Ethical aspects

The human experimental procedures conducted were all approved by the Ethical in Research Committee of the Centro de Estudos Superiores de Maceió, under protocol number 1588/12. All women provided written consent to participate in the study.

Population and sample

Low-income women with excess weight (BMI > 25 and < 40 kg/m²), aged 19–45 years, were included, using a non-probabilistic, convenience sampling approach. These women are mothers of undernourished children treated at the Centre for Nutrition Education and Recovery, a non-governmental institution, which aims to nutritionally recover undernourished children, located in a shantytown on the outskirts of Maceió-AL, a city with approximately 1 million inhabitants and a homicide rate of sixty-four per 100 000 per year in 2017. In the specific region of the shantytown, Human Development index is lower than 0·600, with a severe lack of infrastructure. Individuals living there usually come from the countryside, with an almost complete absence of a social network, since they do not bring any family or friend with them.

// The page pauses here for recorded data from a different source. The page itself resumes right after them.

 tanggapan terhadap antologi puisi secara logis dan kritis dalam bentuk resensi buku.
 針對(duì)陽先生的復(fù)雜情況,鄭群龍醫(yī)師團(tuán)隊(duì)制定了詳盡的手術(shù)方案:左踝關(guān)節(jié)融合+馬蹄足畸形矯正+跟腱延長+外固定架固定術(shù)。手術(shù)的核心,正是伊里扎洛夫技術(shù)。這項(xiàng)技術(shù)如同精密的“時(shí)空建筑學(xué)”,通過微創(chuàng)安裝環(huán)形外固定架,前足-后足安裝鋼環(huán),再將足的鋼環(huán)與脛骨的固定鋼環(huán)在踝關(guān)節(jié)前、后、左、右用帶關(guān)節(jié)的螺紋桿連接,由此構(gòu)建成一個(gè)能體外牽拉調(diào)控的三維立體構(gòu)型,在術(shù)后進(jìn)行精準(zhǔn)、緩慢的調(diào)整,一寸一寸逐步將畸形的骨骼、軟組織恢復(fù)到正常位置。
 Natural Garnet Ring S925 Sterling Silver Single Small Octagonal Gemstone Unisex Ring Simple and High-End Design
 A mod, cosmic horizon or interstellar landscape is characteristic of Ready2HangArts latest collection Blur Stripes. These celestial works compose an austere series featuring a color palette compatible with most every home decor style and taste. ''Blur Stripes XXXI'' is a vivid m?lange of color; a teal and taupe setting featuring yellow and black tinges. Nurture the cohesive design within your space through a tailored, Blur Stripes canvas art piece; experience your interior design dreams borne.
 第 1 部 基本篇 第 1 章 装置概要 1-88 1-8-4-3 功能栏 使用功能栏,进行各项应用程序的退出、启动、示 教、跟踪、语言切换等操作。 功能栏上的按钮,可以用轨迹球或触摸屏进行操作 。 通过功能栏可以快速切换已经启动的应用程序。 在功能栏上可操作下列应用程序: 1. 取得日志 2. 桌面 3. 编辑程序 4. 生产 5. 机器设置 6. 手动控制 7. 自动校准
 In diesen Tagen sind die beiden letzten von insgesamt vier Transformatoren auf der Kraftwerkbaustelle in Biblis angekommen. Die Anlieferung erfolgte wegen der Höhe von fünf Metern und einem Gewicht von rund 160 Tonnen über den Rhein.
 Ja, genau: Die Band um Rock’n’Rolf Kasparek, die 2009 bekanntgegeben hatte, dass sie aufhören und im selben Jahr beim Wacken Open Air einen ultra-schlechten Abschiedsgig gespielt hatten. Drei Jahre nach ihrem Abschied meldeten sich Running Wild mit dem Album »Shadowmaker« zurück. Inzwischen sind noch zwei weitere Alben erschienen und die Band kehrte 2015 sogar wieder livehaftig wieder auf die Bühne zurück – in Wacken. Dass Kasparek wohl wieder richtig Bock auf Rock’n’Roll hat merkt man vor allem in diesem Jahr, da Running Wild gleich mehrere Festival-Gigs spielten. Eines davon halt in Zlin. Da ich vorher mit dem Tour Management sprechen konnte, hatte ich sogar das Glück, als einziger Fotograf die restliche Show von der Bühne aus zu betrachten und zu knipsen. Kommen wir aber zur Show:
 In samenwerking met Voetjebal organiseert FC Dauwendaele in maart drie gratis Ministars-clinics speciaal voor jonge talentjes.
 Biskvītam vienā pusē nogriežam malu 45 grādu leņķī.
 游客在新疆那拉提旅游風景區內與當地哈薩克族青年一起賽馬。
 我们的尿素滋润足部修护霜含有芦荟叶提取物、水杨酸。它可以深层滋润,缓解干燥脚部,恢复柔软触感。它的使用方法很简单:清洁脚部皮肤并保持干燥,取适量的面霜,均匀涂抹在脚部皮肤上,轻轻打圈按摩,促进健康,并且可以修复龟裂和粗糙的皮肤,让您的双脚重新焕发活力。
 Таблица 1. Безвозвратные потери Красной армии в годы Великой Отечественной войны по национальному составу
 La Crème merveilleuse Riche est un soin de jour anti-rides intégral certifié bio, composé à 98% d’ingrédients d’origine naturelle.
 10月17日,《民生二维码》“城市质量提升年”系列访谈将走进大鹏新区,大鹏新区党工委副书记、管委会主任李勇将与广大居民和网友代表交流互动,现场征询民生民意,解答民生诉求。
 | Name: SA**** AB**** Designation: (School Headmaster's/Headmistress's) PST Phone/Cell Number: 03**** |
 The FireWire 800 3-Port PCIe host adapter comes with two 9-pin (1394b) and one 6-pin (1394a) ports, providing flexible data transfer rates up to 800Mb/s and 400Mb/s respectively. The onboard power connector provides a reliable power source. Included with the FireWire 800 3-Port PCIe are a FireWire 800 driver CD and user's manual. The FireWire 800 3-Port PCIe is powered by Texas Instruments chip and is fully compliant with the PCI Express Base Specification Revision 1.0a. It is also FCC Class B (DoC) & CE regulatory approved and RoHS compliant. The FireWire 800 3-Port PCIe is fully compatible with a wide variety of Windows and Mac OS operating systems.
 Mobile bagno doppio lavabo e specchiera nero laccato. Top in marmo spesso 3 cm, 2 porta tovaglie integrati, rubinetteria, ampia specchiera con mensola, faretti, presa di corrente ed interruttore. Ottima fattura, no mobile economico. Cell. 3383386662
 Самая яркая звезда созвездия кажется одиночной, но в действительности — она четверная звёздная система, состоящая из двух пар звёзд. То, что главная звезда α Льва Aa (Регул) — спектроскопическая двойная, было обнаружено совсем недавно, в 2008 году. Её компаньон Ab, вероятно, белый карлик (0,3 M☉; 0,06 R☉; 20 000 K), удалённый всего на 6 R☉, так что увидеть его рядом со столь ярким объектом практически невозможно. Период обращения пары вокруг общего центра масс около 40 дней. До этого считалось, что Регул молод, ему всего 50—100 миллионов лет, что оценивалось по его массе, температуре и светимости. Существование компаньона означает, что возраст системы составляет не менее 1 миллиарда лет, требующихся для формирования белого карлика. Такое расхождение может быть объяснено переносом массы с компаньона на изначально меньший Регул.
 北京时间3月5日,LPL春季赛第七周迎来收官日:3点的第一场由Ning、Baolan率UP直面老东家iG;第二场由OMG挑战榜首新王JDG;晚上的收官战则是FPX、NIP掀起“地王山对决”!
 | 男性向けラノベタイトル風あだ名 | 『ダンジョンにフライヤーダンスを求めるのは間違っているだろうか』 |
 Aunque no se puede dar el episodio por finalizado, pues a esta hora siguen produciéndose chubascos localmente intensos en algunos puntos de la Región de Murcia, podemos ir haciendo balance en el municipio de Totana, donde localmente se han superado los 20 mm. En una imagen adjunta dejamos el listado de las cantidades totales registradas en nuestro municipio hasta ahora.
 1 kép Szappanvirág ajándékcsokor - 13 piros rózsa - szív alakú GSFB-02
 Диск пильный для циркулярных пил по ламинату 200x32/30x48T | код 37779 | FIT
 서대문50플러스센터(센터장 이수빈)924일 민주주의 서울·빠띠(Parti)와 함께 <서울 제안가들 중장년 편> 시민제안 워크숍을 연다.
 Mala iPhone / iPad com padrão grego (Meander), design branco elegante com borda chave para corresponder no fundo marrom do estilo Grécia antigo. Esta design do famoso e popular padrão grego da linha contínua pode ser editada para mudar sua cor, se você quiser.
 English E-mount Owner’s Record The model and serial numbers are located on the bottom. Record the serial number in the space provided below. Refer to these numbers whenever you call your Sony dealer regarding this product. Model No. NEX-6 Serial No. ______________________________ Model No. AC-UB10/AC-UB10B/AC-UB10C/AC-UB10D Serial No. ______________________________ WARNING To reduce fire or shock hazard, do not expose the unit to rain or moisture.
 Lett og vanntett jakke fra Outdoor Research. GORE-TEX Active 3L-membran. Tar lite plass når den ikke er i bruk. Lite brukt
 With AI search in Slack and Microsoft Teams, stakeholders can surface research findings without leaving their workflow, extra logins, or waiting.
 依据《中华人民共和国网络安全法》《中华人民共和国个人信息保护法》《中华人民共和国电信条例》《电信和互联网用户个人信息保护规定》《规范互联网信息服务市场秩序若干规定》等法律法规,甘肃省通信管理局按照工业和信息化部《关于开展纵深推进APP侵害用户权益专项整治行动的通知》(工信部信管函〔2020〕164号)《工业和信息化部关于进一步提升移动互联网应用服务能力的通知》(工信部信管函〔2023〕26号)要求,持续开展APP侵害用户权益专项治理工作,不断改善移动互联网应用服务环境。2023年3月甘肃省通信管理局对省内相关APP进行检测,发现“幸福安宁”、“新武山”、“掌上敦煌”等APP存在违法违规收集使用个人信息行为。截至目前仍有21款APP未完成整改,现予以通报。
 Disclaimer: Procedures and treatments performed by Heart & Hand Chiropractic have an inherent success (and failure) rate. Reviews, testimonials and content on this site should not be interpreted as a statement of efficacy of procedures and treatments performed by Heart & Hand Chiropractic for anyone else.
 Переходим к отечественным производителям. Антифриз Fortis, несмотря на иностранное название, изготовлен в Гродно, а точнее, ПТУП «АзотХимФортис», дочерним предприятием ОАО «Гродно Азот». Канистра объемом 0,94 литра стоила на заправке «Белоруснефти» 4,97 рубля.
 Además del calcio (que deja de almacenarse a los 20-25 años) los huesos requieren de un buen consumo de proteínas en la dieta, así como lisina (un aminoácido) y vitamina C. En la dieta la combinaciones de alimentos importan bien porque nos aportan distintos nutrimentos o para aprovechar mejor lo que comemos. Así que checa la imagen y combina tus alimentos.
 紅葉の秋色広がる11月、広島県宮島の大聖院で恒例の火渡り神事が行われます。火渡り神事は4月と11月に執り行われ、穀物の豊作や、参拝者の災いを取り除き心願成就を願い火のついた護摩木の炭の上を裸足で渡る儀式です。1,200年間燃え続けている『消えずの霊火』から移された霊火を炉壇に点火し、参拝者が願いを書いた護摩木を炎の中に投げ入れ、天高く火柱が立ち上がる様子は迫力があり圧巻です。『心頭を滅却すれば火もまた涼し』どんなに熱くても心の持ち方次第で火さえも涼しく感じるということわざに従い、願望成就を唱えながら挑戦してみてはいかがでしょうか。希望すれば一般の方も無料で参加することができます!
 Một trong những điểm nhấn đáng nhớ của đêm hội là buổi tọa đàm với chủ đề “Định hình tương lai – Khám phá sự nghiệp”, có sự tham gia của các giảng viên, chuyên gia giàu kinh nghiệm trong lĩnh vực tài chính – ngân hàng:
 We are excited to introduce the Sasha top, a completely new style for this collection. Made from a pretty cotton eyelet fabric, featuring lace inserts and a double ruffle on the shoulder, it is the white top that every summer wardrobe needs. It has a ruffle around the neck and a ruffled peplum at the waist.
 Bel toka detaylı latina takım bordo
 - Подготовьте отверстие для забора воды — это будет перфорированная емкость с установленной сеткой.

All mothers were invited to a screening at the centre. Pregnant and lactating women, those with physical impairment that interfered with anthropometric evaluation, those who self-reported to be dieting or presented with weight change in the previous month or during the 14 d of DLW assessment, and those who reported doing upper-body weight-resisted exercise, which cannot be detected by the triaxial accelerometers, were not included. All women underwent blood collection to determine concentrations of thyroid hormones, fasting blood glucose and insulin, and those with altered parameters were not included. Those who reported using antidiabetic or diuretic drugs or were doing thyroid hormones replacement were also not included.

Socio-economic and demographic data

A structured questionnaire was used to assess primary socio-economic and demographic data, such as age, years of formal schooling, number of children, the household crowding index (the number of individuals living in the household divided by the number of rooms in the household), labour situation and if the household receives financial aid from the government^{(Reference Florêncio, Bueno and Clemente15)}.

Anthropometric measurements

Body weight was measured using a digital scale (Filizola), and height was measured using a portable stadiometer⁽¹⁶⁾. BMI was calculated and classified according to the WHO cut-off points⁽¹⁶⁾.

Dietary intake data

Energy intake was estimated through the application of three 24-h dietary recalls in each participant, one of which at weekend day, with the aid of a photo book to assist in the quantification of food portions^{(Reference Monteiro17)}. In order to take into account the within-subject variance in the multiple 24-h dietary recalls, the de-attenuation method was used⁽⁵⁾. The same nutritionist undertook all the 24-h dietary recalls via in-person interviews and performed the coding and analysis of dietary assessments. More details can be found in another publication of the present study^{(Reference Lins, Bueno and Grotti Clemente18)}.

Doubly labelled water analysis

The TEE of the participants was estimated using the multiple-point DLW (²H₂ ¹⁸O) technique, according to the recommendations of the International Dietary Energy Consultancy Group^{(Reference Coward, Roberts and Cole19)}. In order to receive the DLW dosage, the volunteers could not be febrile, present oedema, should neither have practised intense exercises the day before nor have received intravenous fluids the week before the study. Also, they could not travel outside the State of Alagoas within 14 d after the administration, as this would cause a change in the source of drinking water. Initially, a 10-h fasting urine sample of all participants was collected to serve as isotope-free basal urine. Then, all women received a single dose of DLW. The dose of DLW was formulated considering the estimated total body water of the included women and was composed of 0·12 g of 99·8 % ²H-labelled water and 2 g of 10 % ¹⁸O-labelled water/kg of estimated body water. Body water was assumed to be 50 % of the women’s body weight⁽²⁰⁾. Next, urine samples of each volunteer were collected on the 1st, 2nd, 3rd, 7th, 12th, 13th and 14th day after dose administration.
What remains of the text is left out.